For the past few months it has been pretty quiet here on About Happy Books. There was a time when I was constantly working on new posts, when I felt the need to share everything bookish with the world. This period lasted for some years and I was sure that it would go on like this forever. But then something strange and scary happened, I started to read less and less, I started to feel less excited about books in general and I started to wonder why this was happening.
A few weeks ago I finally realized what was going on and what was making me feel less passionate about reading. My blog is the reason I feel less excited about books. Seeing myself as a reviewer and constantly feeling the need to share my thoughts on books was making me want to read less. I thought that reviewing books, being an active part of the book blogging, would make me more excited about books, and for some time it did. But this time is over, I realized that I'm not a reviewer, I'm a reader.
Without the pressure of having to blog/vlog about every book I bought or read, without the pressure of having to share all of my feelings about books, I once again feel excited about books, I once again look forward to starting a new story and to get lost in it.
Does this mean that About Happy books will disappear? No, I want to continue with my blog, however I'm not sure how the content will look like. Right now I'm thinking about using my blog as a sort of diary for my reading activities. I want to continue to write about the good books I read, I want to share other bookish things, but not as a reviewer, from now on I'm solely a reader. This decision makes me feel as if I'm free again to read what, how and whenever I want to.

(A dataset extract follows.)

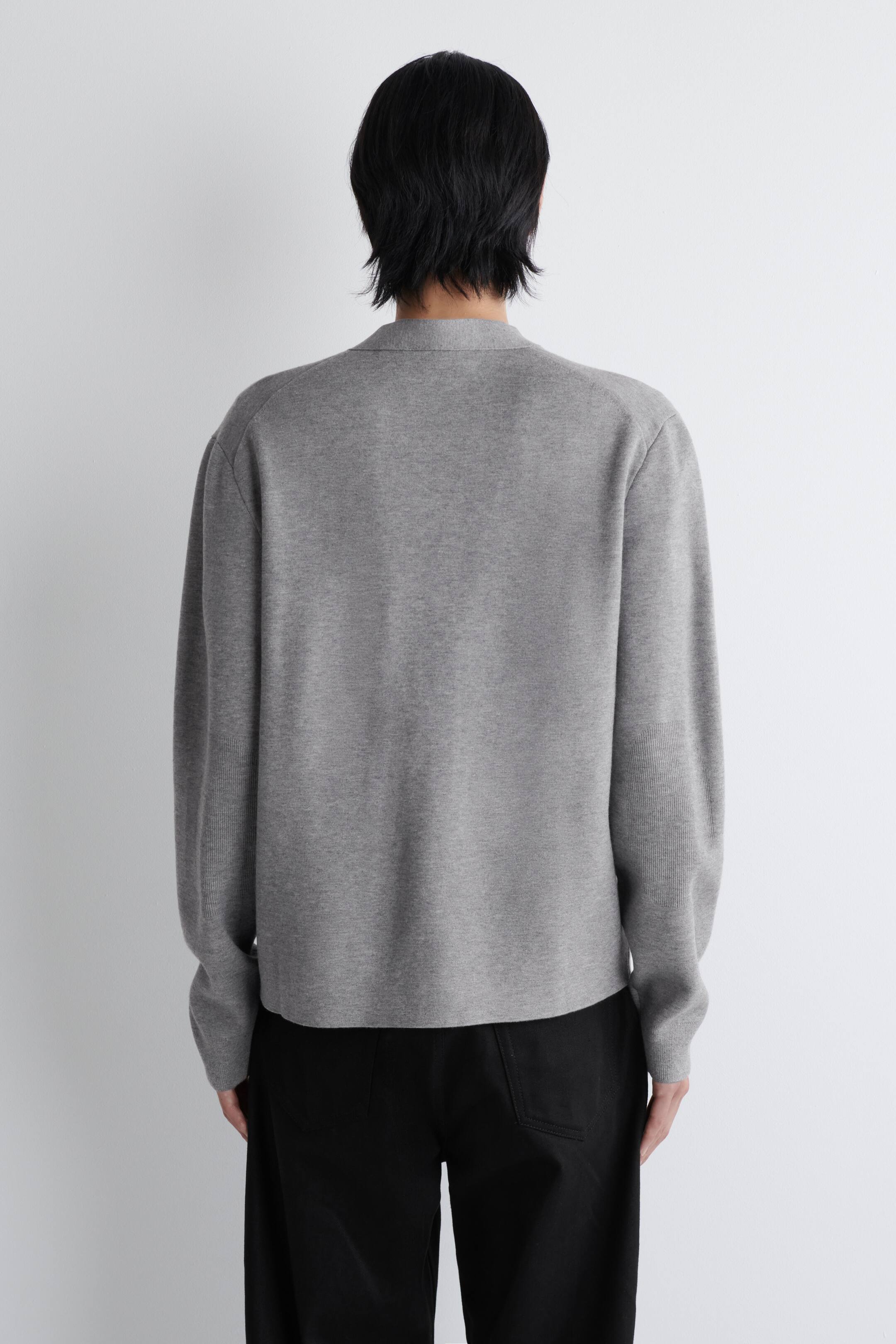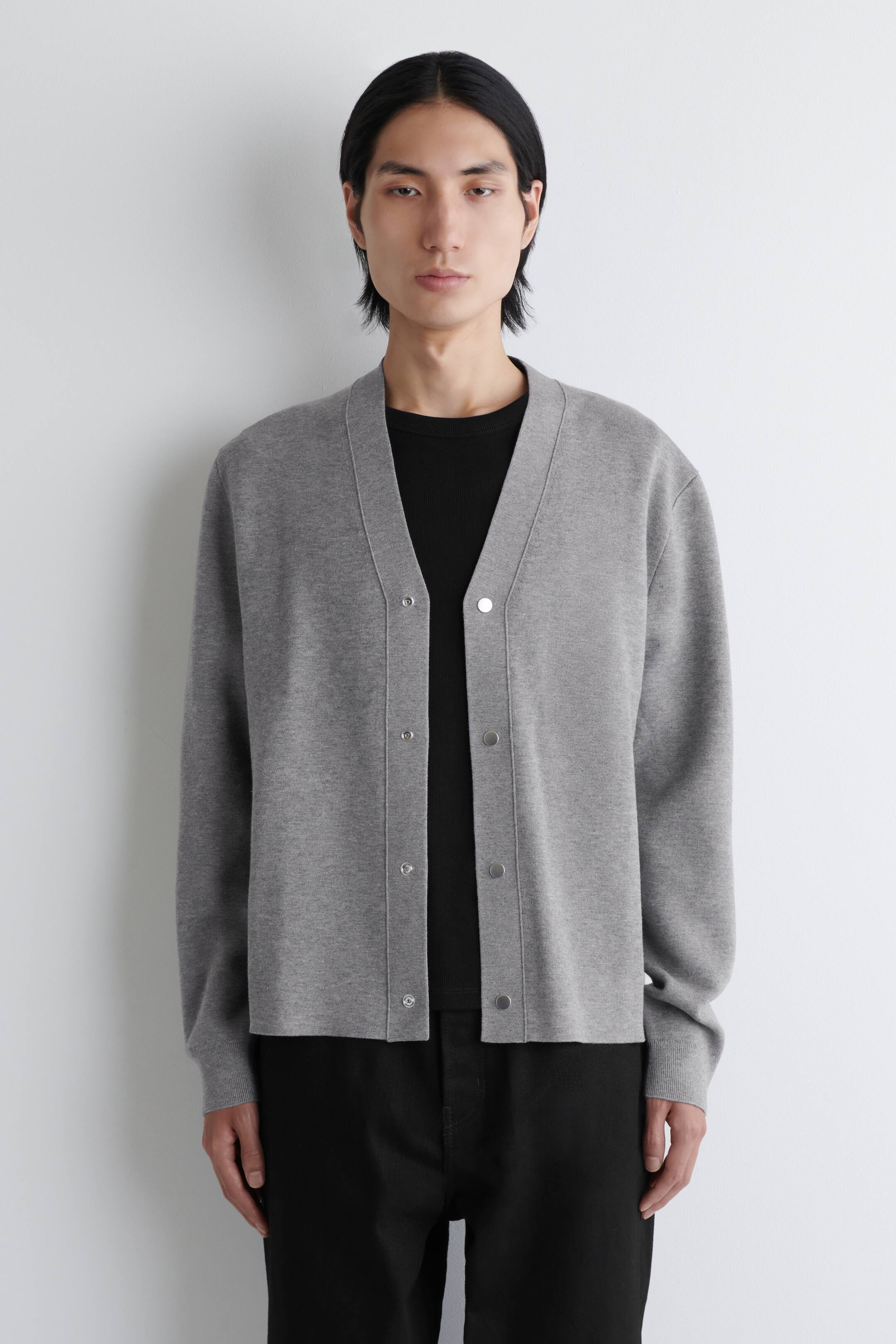 Cette saison, l'équipe de création du prêt-à-porter homme retravaille la maille classique au fil de détails modernes. Ce pull décontracté au col en V contemporain est confectionné dans un tissu double face pour plus de douceur sur l'endroit comme sur l'envers. Coupe décontractée Fermeture à boutons-pression LENZING™ ECOVERO™ est une viscose de marque déposée, fabriquée à partir de pulpe de bois. Matière 1 : 57 % Viscose ECOVERO™, 26 % Polyester recyclé, 17 % Polyamide recyclé (Nylon recyclé). Excluant les finitions / Lavable en machine La longueur du dos en taille M est de 64 cm / Le mannequin porte la taille M
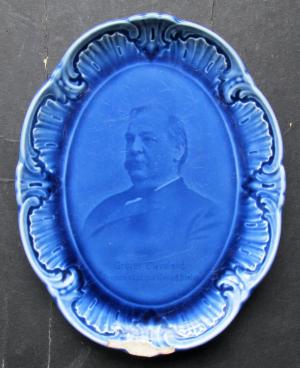 President Grover Cleveland Blue German Ceramic Stoneware Dish or Tray

In the last two years I put too much pressure on myself, took reading too seriously and thought that I had to constantly create new content. I expected too much of me and forgot that blogging about books was once one of my favourite hobbies. I want to go back to feeling as if About Happy Books is a place where only good things happen, where there is no stress and only good times. I want to go back to being a reader who doesn't really care about writing style, world building and so on, I want to go back to enjoying a book without constantly thinking about what I might write in the review.
From this moment on I'm back to being a reader, nothing less and nothing more. I no longer see myself as a book reviewer and it feels damn good. I'm not exactly sure when my next blog post will be up and how it will look, I still need some more time to come to terms with the changes, I need to think some more about the direction this blog will take in the future. But I will be back and hopefully this blog will once again fuel my passion for books and not the other way around.